### DATA SUPPLIED ###
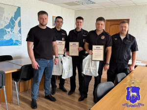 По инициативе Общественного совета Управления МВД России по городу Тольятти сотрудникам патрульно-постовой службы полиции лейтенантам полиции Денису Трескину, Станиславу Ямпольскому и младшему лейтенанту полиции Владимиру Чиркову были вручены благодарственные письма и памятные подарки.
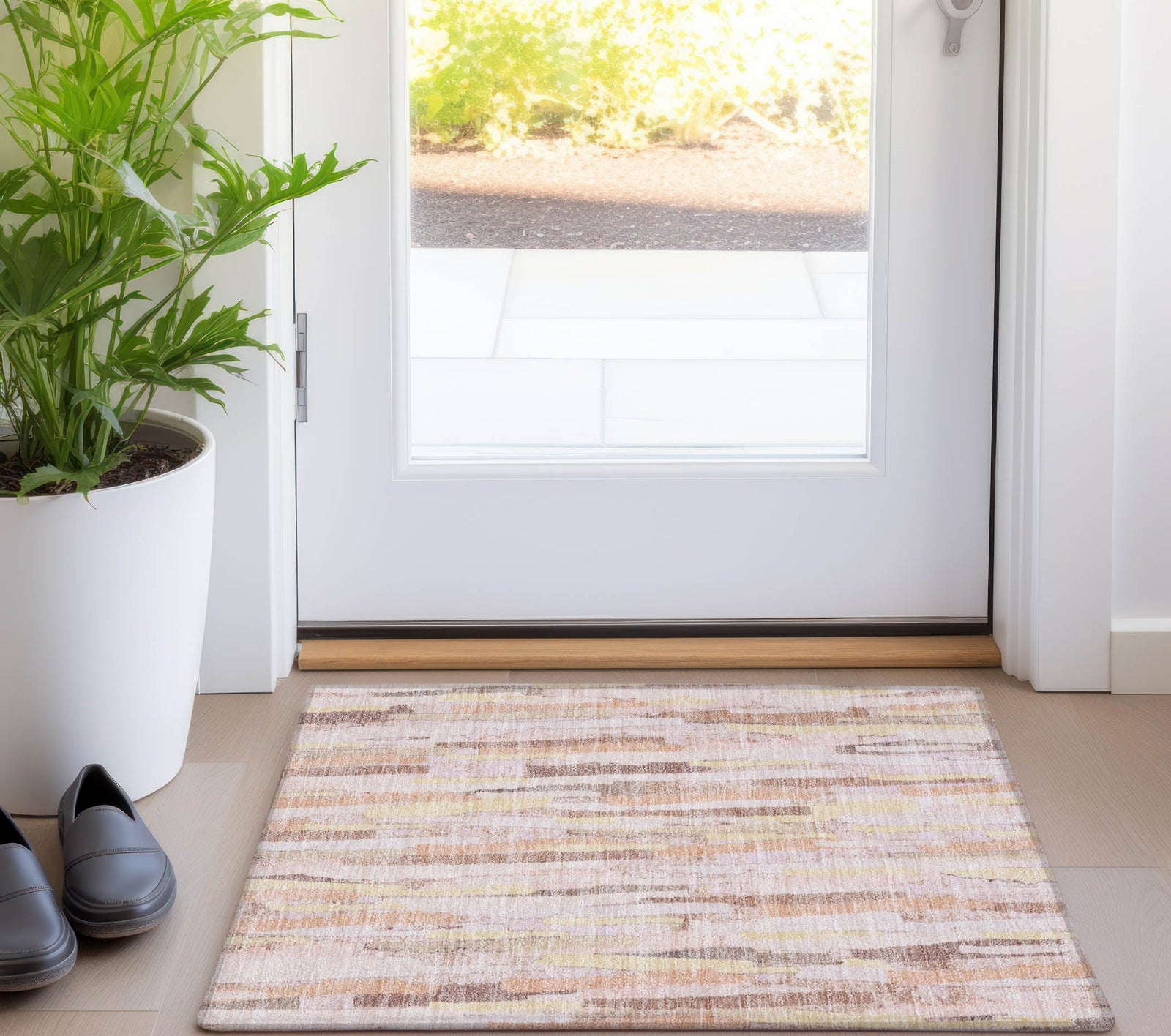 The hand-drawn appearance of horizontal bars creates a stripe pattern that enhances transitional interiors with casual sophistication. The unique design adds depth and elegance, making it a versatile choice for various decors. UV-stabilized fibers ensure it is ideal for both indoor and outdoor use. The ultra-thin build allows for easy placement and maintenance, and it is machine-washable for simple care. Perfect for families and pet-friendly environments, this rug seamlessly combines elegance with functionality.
###
### DATA SUPPLIED ###
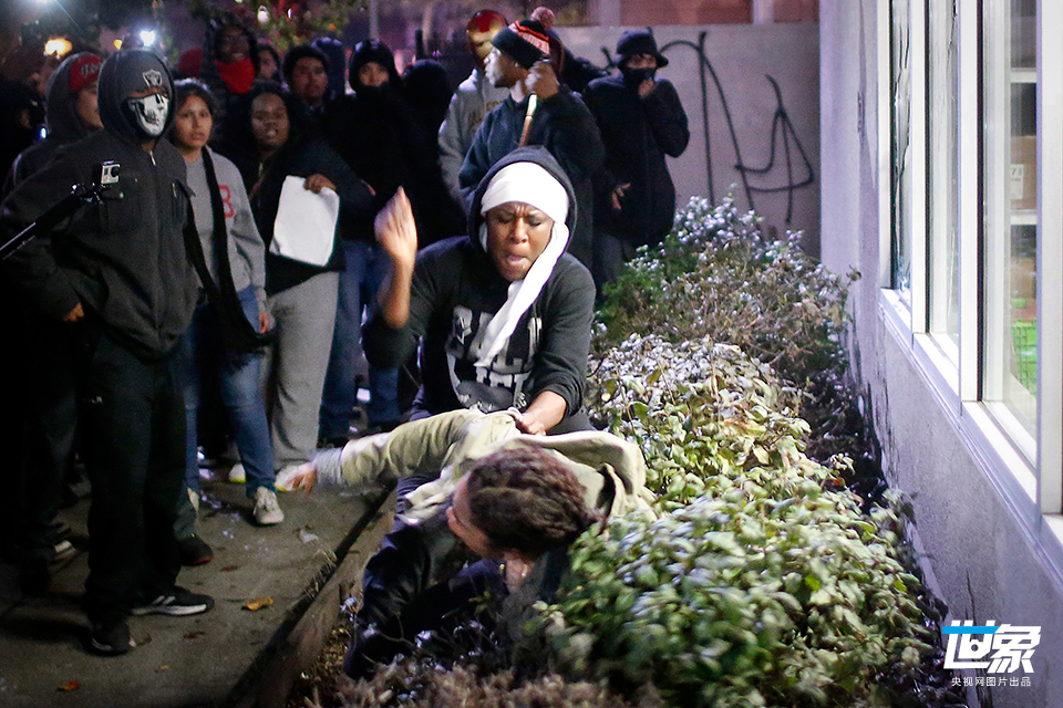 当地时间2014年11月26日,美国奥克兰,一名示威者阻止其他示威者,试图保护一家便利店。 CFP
###
#### PROBLEM TO SOLVE:
Using the data above, copy exactly the lines from the one containing "По инициативе Общественного" to the one containing "The hand-drawn appearance", inclusive. Exclude the pictures.

#### EXERCISE RESPONSE:
 По инициативе Общественного совета Управления МВД России по городу Тольятти сотрудникам патрульно-постовой службы полиции лейтенантам полиции Денису Трескину, Станиславу Ямпольскому и младшему лейтенанту полиции Владимиру Чиркову были вручены благодарственные письма и памятные подарки.
 The hand-drawn appearance of horizontal bars creates a stripe pattern that enhances transitional interiors with casual sophistication. The unique design adds depth and elegance, making it a versatile choice for various decors. UV-stabilized fibers ensure it is ideal for both indoor and outdoor use. The ultra-thin build allows for easy placement and maintenance, and it is machine-washable for simple care. Perfect for families and pet-friendly environments, this rug seamlessly combines elegance with functionality.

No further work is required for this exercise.